The author writes, “Last February, on a sunny afternoon in West Hollywood, two girls with precise eye makeup paused on Melrose Avenue and peered in the windows of a building whose interior was painted a bright, happy pink. Two pink, winged unicorns flanked racks of clothes: ribbed crop tops, snakeskin-print pants, white sleeveless bodysuits. One of the girls tugged on the door, then frowned. It was locked, which was weird. She tugged again. … Erin Cullison, the U.S. public-relations rep for PrettyLittleThing, a fast-fashion brand founded in 2012, watched the girls give up and walk away. She sighed. Although the West Hollywood showroom closely resembles a store, it is not, in fact, a store. It is not open to the public; the clothes on the racks don’t have price tags.”

The Brave, but Forgotten, Kansas Lunch Counter Sit-In That Helped Change America (Dan)

The author writes, “On a beautiful Saturday morning in July 1958, 19-year-old Carol Parks unexpectedly started a movement. She parked her yellow Chevrolet in downtown Wichita and walked through the revolving door of Dockum Drug Store. She took a seat at the lunch counter and ordered a Coca-Cola. She did this, she said, ‘as if I’d been doing it all my life.’ Only, she hadn’t. Not once. She was an African American woman and, at the time, lunch counters across the United States were segregated, with Black patrons relegated to takeout windows and standing sections.”

De Cecco Finally Reveals What the Heck Is Going on With Its Bucatini (Dana)
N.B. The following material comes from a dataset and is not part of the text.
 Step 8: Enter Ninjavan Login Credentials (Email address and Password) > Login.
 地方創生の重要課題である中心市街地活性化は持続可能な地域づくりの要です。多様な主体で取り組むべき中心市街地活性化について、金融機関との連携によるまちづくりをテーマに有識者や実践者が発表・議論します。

From Grub Street: “It’s been 40 days and 40 nights since I published my look into America’s Great Bucatini Shortage, wherein I discovered there was not only a temporary nationwide scarcity of bucatini but there was also some nefarious intra-pasta drama going on behind the scenes. Specifically, I learned that an as-yet-unknown pasta competitor had likely tipped off the FDA about De Cecco bucatini and its slightly out-of-spec iron content — which is required to meet a certain minimum to be sold in the U.S. — thus halting its import into this country for nearly a full calendar year. … Last week, I received an email from the National Pasta Association, letting me know that De Cecco was finally willing to talk and that the NPA itself would broker this crucial international summit.”